--- PROVIDED MATERIAL Enclosed Below ---

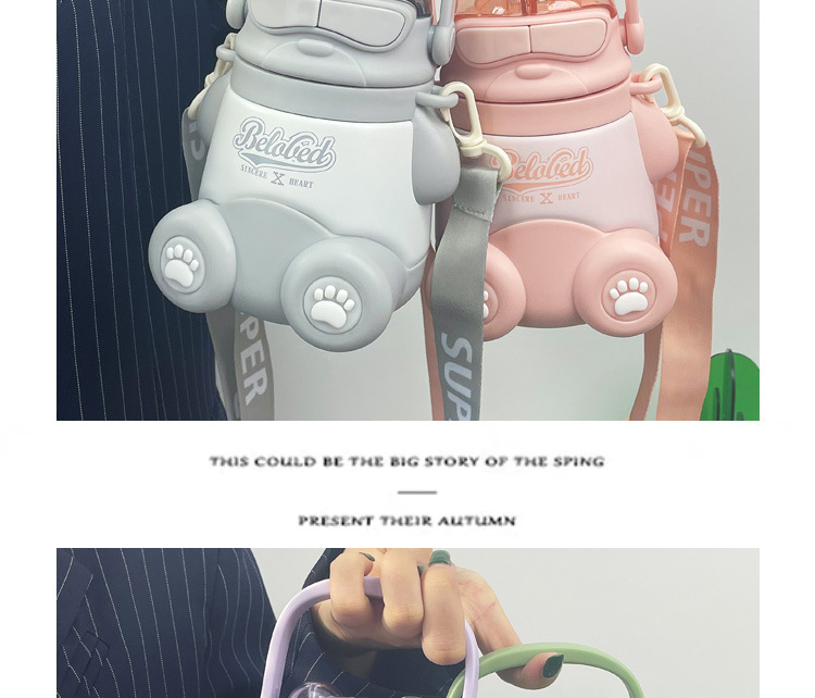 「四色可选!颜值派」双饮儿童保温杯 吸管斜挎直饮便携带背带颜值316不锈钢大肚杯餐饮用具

--- End of Enclosed PROVIDED MATERIAL ---
--- PROVIDED MATERIAL Enclosed Below ---

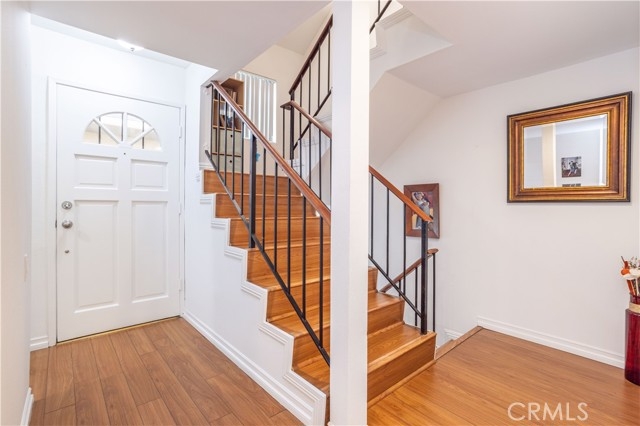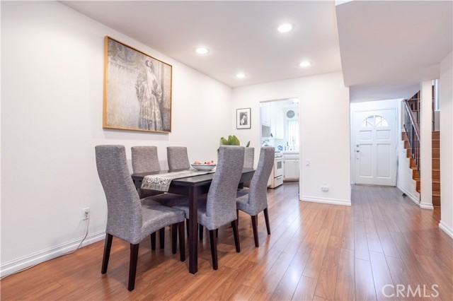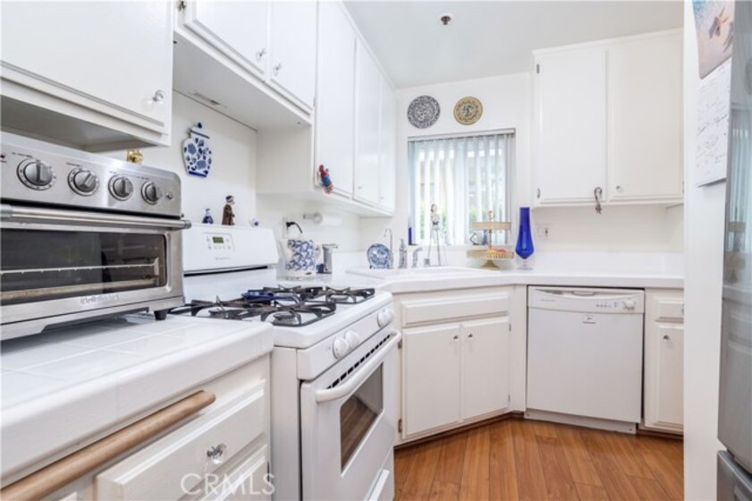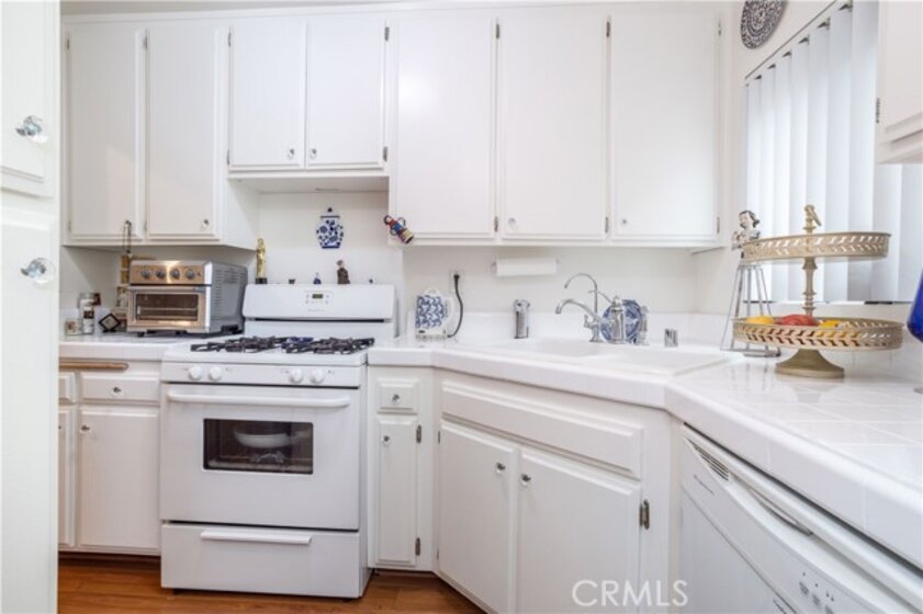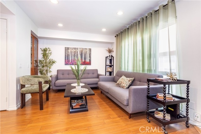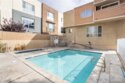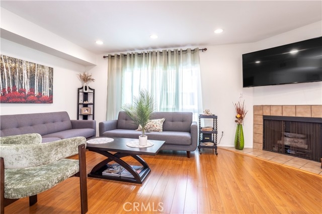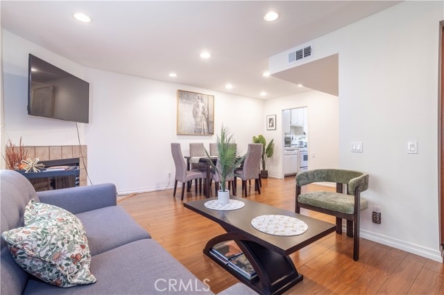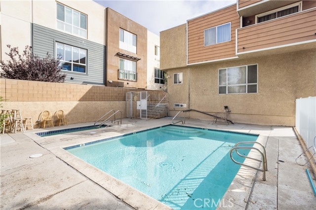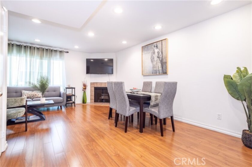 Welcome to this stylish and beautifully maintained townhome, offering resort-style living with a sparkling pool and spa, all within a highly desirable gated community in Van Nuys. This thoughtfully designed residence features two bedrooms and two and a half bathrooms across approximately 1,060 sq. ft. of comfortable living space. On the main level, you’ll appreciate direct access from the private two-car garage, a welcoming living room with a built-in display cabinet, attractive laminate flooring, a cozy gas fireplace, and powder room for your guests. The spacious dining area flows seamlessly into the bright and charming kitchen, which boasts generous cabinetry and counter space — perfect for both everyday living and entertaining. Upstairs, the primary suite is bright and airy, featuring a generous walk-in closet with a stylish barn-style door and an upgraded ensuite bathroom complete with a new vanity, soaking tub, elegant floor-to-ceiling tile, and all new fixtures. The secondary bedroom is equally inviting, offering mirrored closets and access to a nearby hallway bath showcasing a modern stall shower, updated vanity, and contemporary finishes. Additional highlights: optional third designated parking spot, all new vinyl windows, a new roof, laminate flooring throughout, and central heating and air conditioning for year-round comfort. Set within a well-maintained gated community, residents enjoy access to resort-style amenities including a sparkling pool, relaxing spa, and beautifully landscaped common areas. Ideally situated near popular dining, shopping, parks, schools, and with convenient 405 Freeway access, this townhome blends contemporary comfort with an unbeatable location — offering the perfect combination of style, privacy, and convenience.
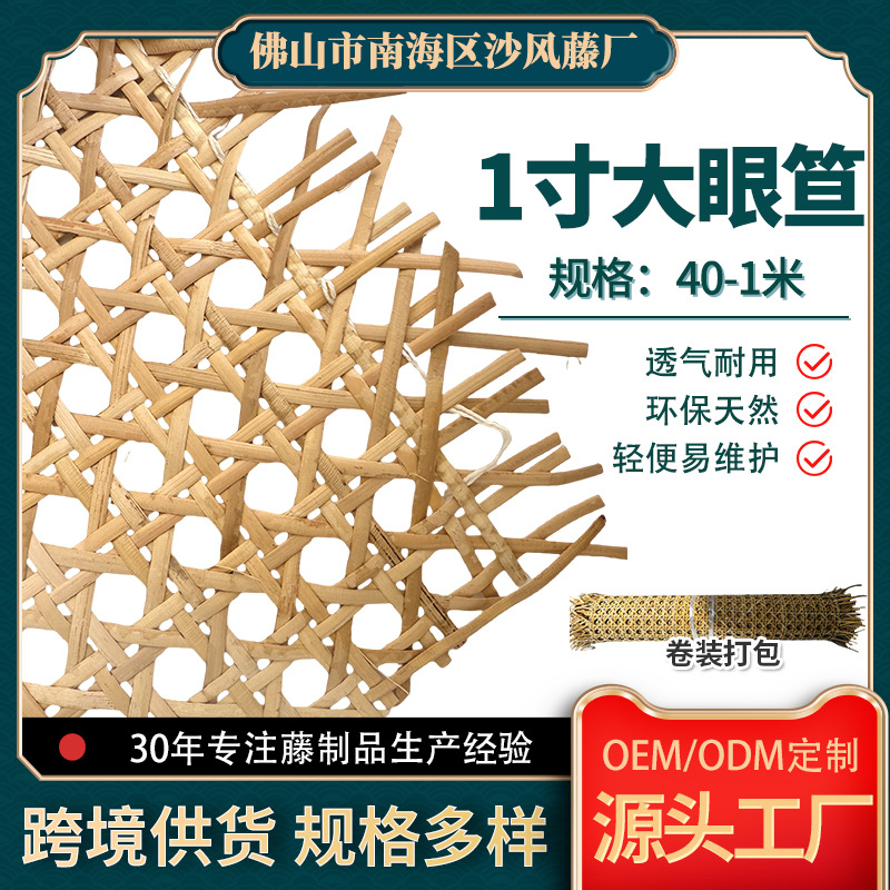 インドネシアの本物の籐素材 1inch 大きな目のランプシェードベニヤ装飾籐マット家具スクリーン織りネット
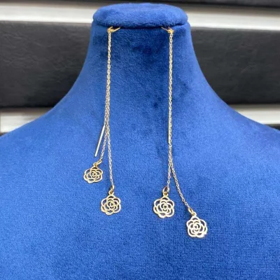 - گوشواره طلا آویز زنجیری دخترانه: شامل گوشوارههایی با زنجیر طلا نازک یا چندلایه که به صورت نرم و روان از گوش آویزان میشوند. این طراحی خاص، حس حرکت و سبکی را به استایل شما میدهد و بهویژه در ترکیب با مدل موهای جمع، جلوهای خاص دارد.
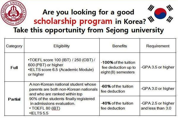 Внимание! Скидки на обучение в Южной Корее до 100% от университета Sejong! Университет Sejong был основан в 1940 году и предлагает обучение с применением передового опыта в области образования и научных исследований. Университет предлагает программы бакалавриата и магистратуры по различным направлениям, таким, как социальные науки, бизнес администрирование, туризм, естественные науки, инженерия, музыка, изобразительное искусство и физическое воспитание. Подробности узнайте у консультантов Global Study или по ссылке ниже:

--- End of Enclosed PROVIDED MATERIAL ---

● THE TASK: Both boundary lines included, write out word for word only the lines above from the one containing "Welcome to this" to the one containing "インドネシアの本物の籐素材 1inch 大きな目のランプシェードベニヤ装飾籐マット家具スクリーン織りネット", leaving out any pictures.

● ANSWER BOX:
 Welcome to this stylish and beautifully maintained townhome, offering resort-style living with a sparkling pool and spa, all within a highly desirable gated community in Van Nuys. This thoughtfully designed residence features two bedrooms and two and a half bathrooms across approximately 1,060 sq. ft. of comfortable living space. On the main level, you’ll appreciate direct access from the private two-car garage, a welcoming living room with a built-in display cabinet, attractive laminate flooring, a cozy gas fireplace, and powder room for your guests. The spacious dining area flows seamlessly into the bright and charming kitchen, which boasts generous cabinetry and counter space — perfect for both everyday living and entertaining. Upstairs, the primary suite is bright and airy, featuring a generous walk-in closet with a stylish barn-style door and an upgraded ensuite bathroom complete with a new vanity, soaking tub, elegant floor-to-ceiling tile, and all new fixtures. The secondary bedroom is equally inviting, offering mirrored closets and access to a nearby hallway bath showcasing a modern stall shower, updated vanity, and contemporary finishes. Additional highlights: optional third designated parking spot, all new vinyl windows, a new roof, laminate flooring throughout, and central heating and air conditioning for year-round comfort. Set within a well-maintained gated community, residents enjoy access to resort-style amenities including a sparkling pool, relaxing spa, and beautifully landscaped common areas. Ideally situated near popular dining, shopping, parks, schools, and with convenient 405 Freeway access, this townhome blends contemporary comfort with an unbeatable location — offering the perfect combination of style, privacy, and convenience.
 インドネシアの本物の籐素材 1inch 大きな目のランプシェードベニヤ装飾籐マット家具スクリーン織りネット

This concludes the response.